There are many companies building ATU-100 and ATU-10 tuners as the software and hardware design is open source. Some are better than others. As I wrote I bought a very cheap ATU-100 and had to spend some time fixing the horrible way it was put together.

I tried my new ATU-10 with my 705 on Burnhope Seat G/NP-003 connected to my 20/30/40m trapped EFHW using a 1:64 match. The ATU-10 tuned up effortlessly on 15m, 17m, 20m and 40m in a very short time, probably a second or two and if the display is believable, the SWR was always less than 1.2:1 which is fine. You can integrate it with the 705 so the radio controls it as you operate but I just pressed and held the tune button till it said “TUNE” on the front panel and sent a carrier and brrrrrrrrrrrp, it would tune. So I’m very happy with the performance and build quality of mine. The only downside is the display is not too bright in sunlight, I needed to shade it with my hand. That may be a good reason to use the 705 integration.

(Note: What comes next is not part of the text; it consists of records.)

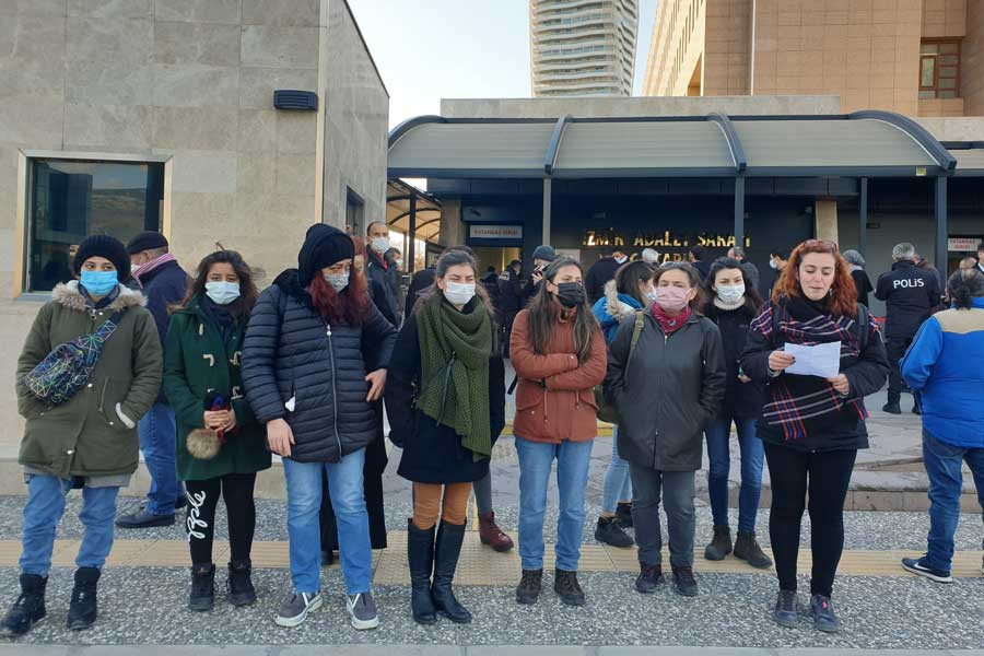 İzmir’de, İstanbul Sözleşmesi’nin iptal edilmesine karşı 5 Ağustos 2021 tarihinde Alsancak ÖSYM önünde yapılan eylemde gözaltına alınan 18 kadının yargılandığı davanın ilk duruşması bugün İzmir Adliyesi 44. Asliye Ceza Mahkemesinde görüldü.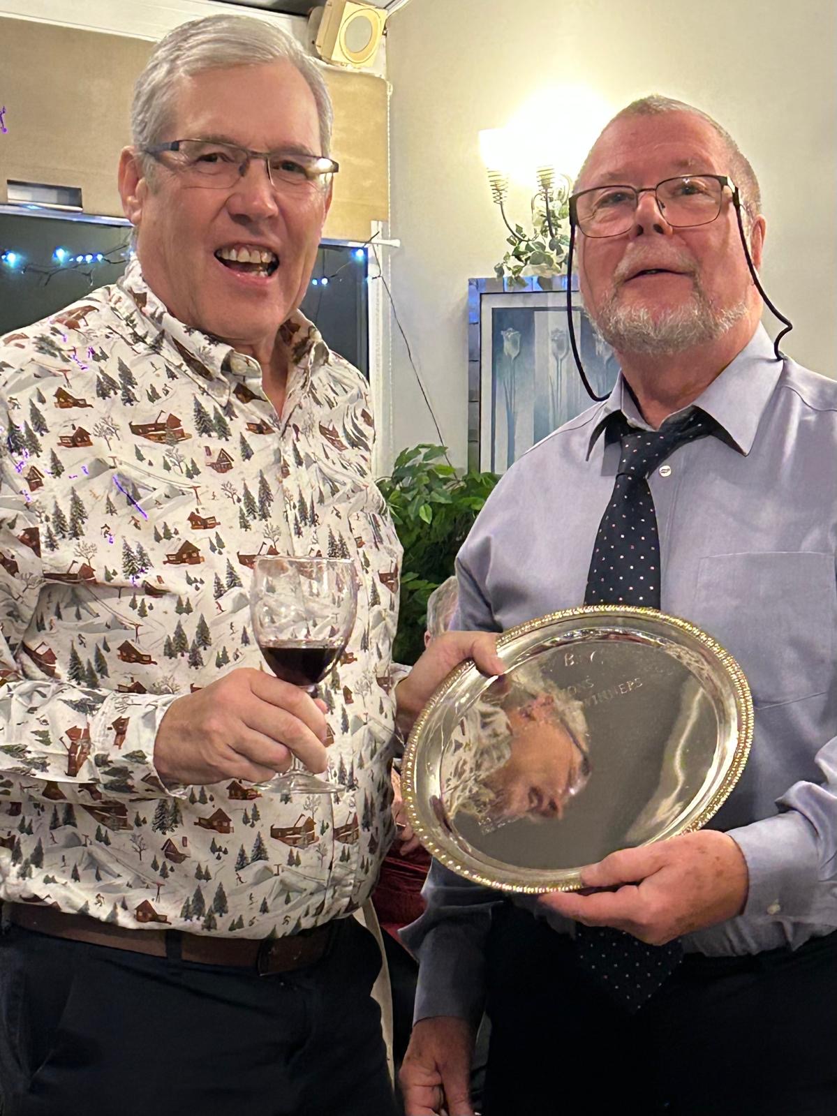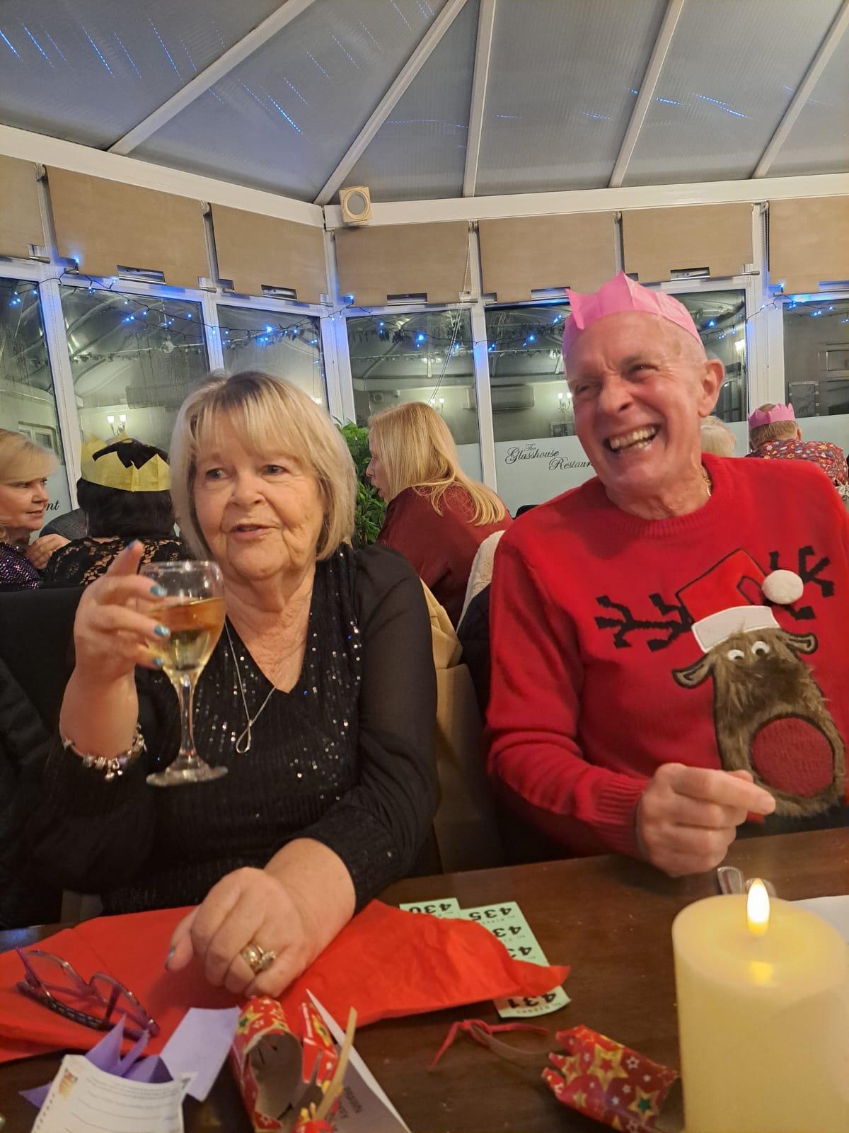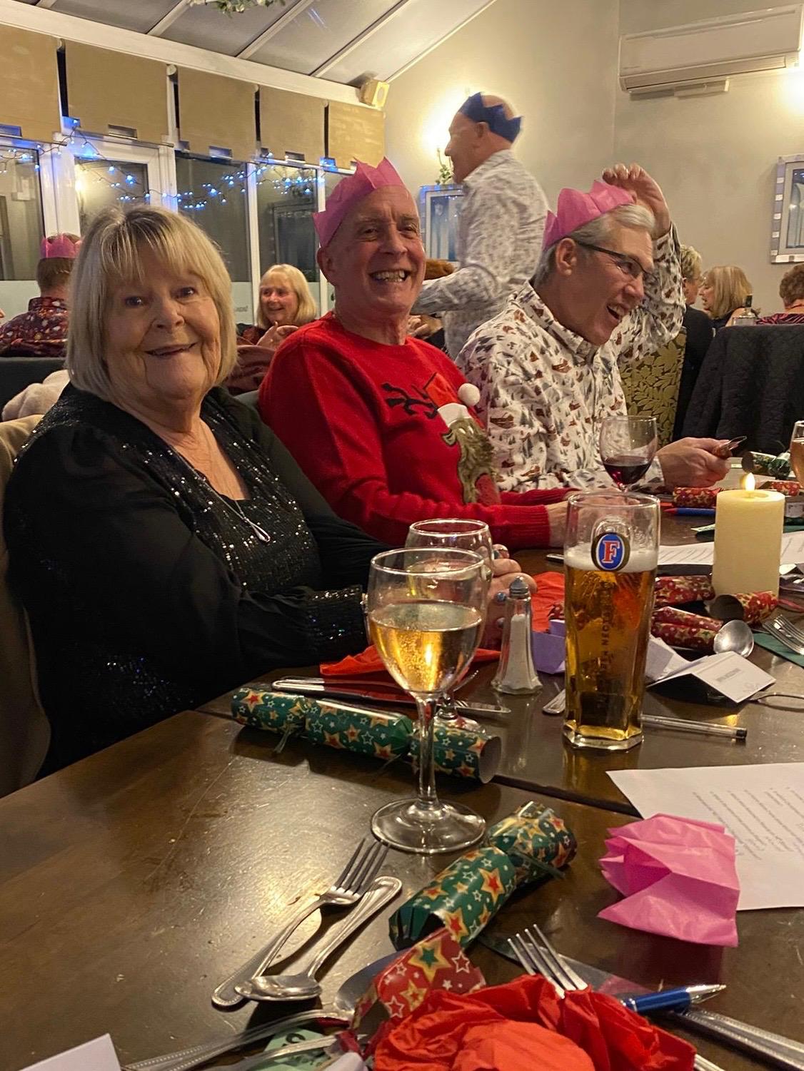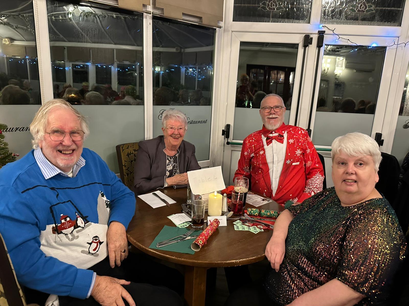 Good food and a drink or two – after the main course, it was the quiz.   For some years the quiz has been set by our late Chairman, Tom Mills.  Even whilst ill Tom and his wife, Barbara, had put together this year’s quiz, and I can just imagine them laughing and thinking, that’ll stump them!  Two parts to the quiz – Christmas Music and Christmas Films – some really had us beaten but, in the end, it was a close finish with the winning table just two points clear.
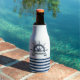 Nautical Boat Wheel, Navy Blue White Stripes Bottle Cooler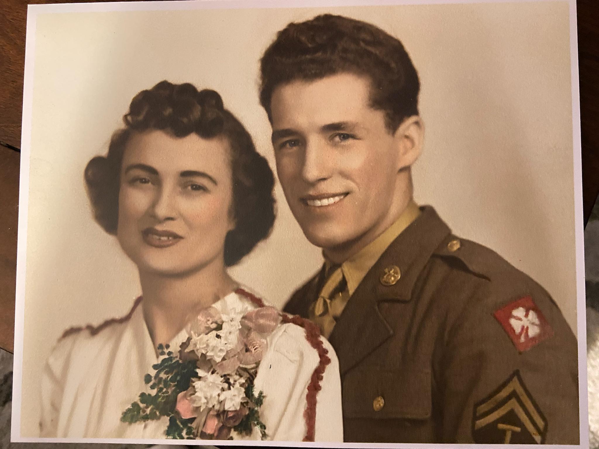 Smiling woman holding framed portrait of a young couple, one in military uniform.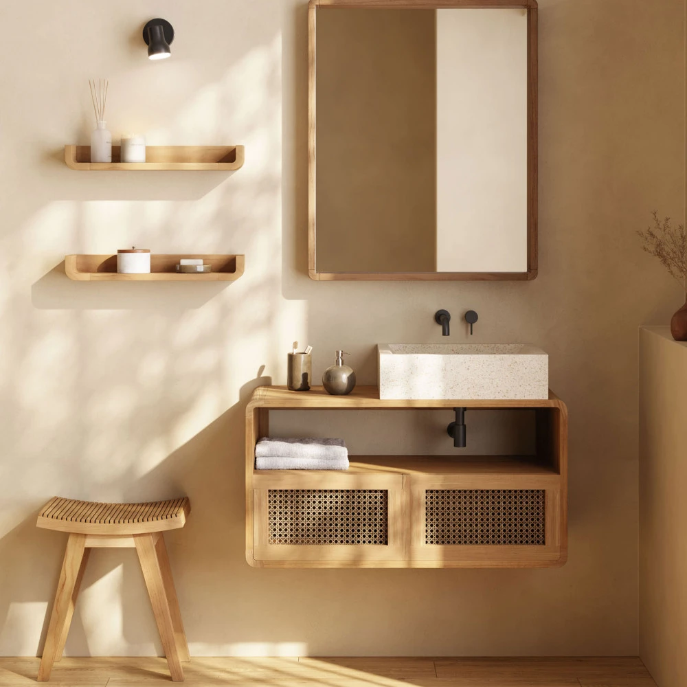 Chacune mesure 5 cm de hauteur, 50 cm de largeur et 12 cm de profondeur. Elles affichent un look bohème que vous pourrez marier avec un grand nombre de couleurs et de matériaux même si on a un petit faible pour les matières naturelles : jute, jonc, bois, cannage, lin, etc. Ensemble, ils formeront un rendu très harmonieux avec l’encadrement en bois de teck dont les tonalités et les textures varient d’un modèle à l’autre.

There were a range of vendors selling on Amazon.co.uk with varying prices. The following should identify the company I bought mine from. However, there’s no guarantee every item they sell is as well made!

  • Manufacturer ‏ : ‎ CNANRNANC
  • ASIN ‏ : ‎ B0D9BHSVG9
  • Item model number ‏ : ‎ AC5YU1P031QQ5ULTD030

I don’t know if the tuning range is as good as an Elecraft T1 but a new T1 is about £256 plus VAT which is £308 plus shipping. My ATU-10 was £92 including shipping. It came from China and arrived when stated on the purchase. As I said, you can get them for less but I didn’t want another item filled with glue and the wrong components!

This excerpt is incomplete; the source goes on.